## Activity
From the records below, print only the part that opens with the line containing "2、填昵称、手机号,点击【获取验证码】,填写获取的验证码。" and closes with the line containing "与会师生结合所学内容积极展开"; omit the pictures.

## Data listing
= Beginning of Section =

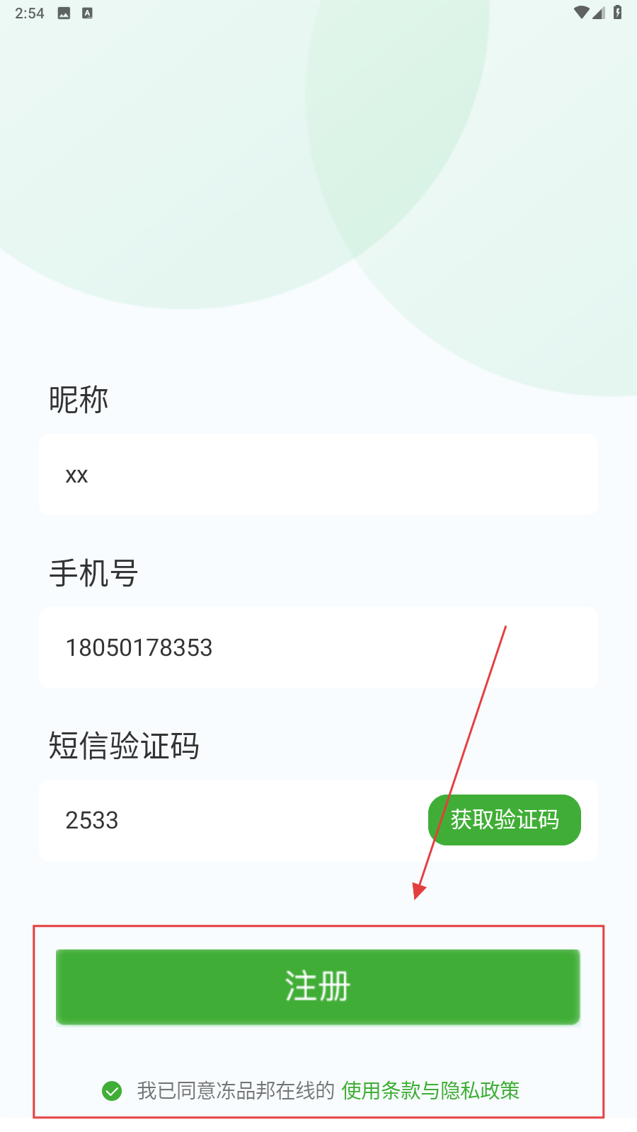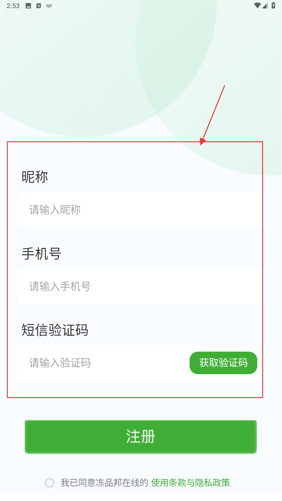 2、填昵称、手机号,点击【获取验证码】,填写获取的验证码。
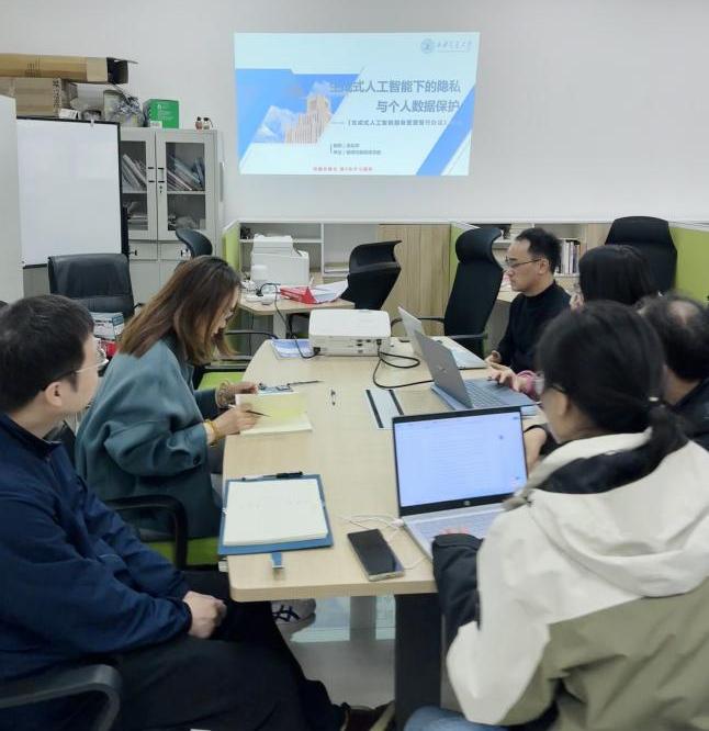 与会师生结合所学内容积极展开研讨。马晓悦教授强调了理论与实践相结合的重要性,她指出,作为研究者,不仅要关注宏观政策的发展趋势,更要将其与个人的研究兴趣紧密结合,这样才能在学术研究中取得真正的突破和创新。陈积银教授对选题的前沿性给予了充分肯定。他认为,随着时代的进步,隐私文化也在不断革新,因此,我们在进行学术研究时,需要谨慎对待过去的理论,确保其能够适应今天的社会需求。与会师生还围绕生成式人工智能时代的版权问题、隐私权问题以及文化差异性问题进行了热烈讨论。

= End of Section =
= Beginning of Section =

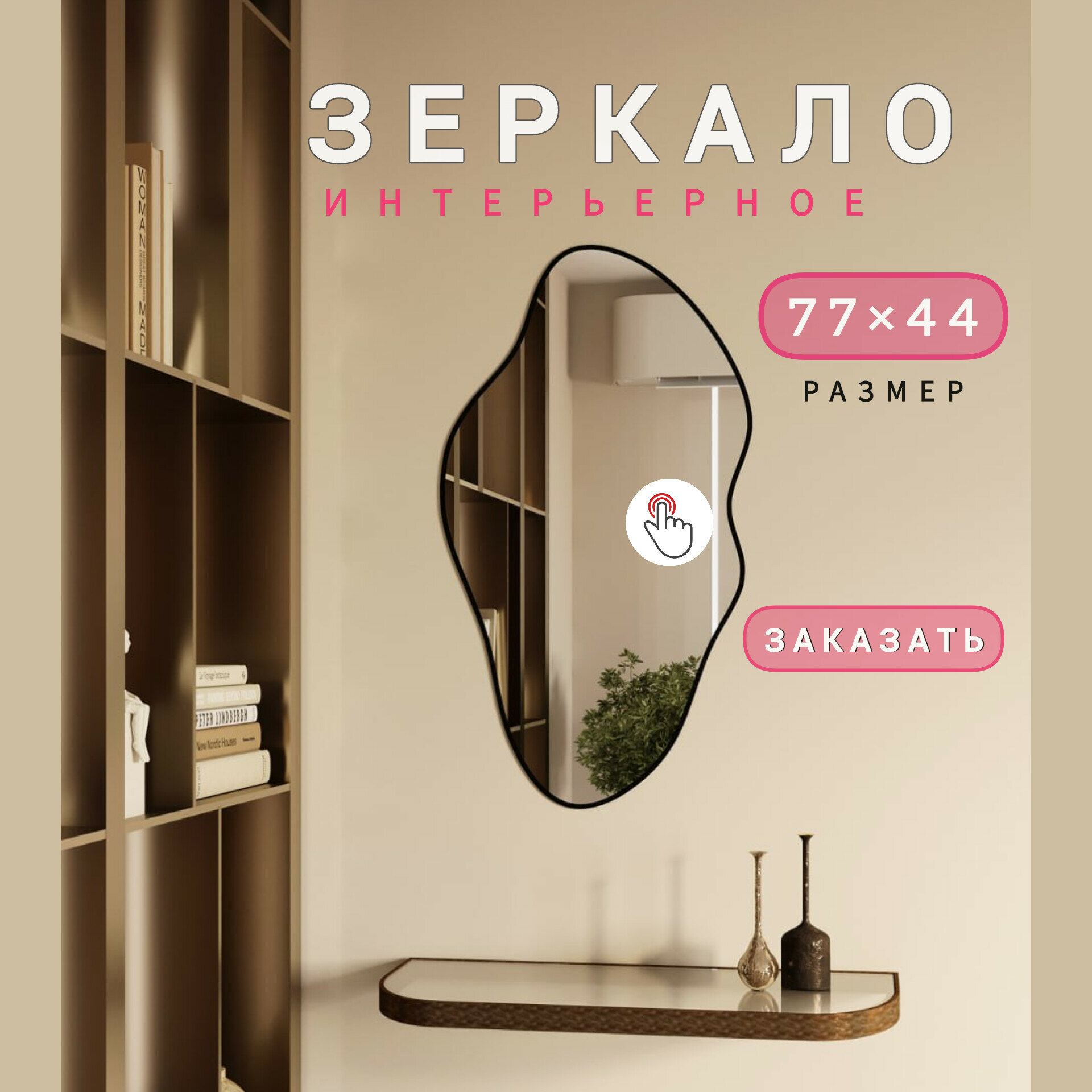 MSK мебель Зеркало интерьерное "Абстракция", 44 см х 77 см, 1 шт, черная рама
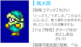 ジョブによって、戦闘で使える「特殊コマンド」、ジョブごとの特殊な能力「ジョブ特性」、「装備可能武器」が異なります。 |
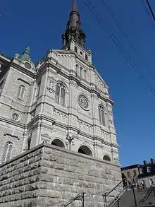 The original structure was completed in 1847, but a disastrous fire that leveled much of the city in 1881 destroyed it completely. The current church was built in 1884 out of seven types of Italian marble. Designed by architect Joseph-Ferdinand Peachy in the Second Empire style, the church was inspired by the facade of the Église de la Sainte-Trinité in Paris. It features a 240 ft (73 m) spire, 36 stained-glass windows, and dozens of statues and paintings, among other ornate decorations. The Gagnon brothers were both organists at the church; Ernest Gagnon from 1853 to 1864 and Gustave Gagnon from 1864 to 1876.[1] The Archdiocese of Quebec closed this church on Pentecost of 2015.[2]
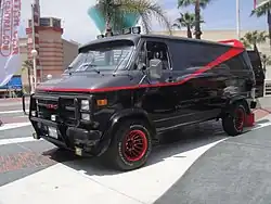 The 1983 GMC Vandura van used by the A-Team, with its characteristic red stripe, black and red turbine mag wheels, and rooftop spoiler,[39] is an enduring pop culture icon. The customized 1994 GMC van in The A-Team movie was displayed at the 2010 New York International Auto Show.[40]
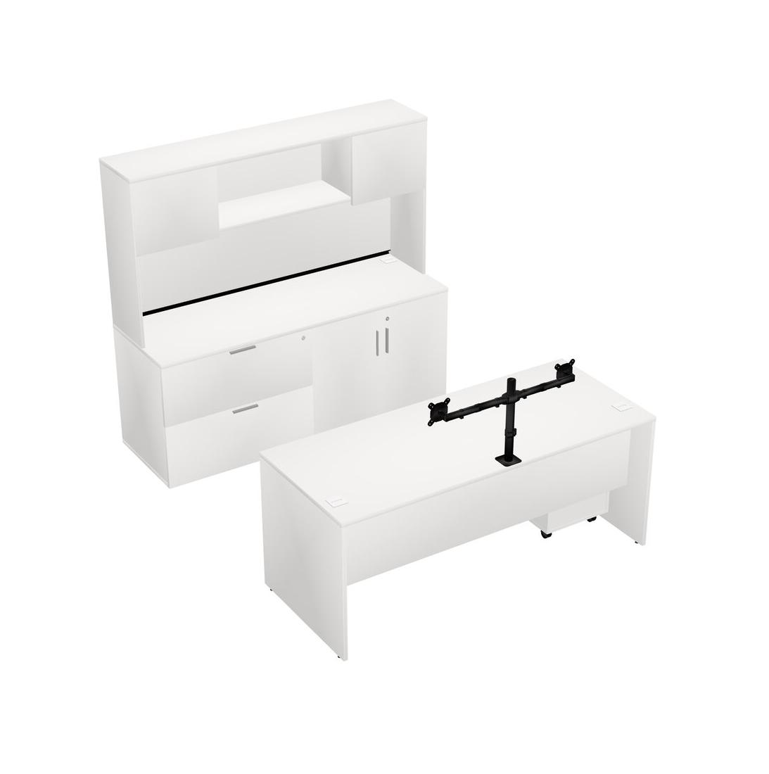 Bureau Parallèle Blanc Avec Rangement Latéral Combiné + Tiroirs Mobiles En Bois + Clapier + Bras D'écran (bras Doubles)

= End of Section =

## Expected answer
 2、填昵称、手机号,点击【获取验证码】,填写获取的验证码。
 与会师生结合所学内容积极展开研讨。马晓悦教授强调了理论与实践相结合的重要性,她指出,作为研究者,不仅要关注宏观政策的发展趋势,更要将其与个人的研究兴趣紧密结合,这样才能在学术研究中取得真正的突破和创新。陈积银教授对选题的前沿性给予了充分肯定。他认为,随着时代的进步,隐私文化也在不断革新,因此,我们在进行学术研究时,需要谨慎对待过去的理论,确保其能够适应今天的社会需求。与会师生还围绕生成式人工智能时代的版权问题、隐私权问题以及文化差异性问题进行了热烈讨论。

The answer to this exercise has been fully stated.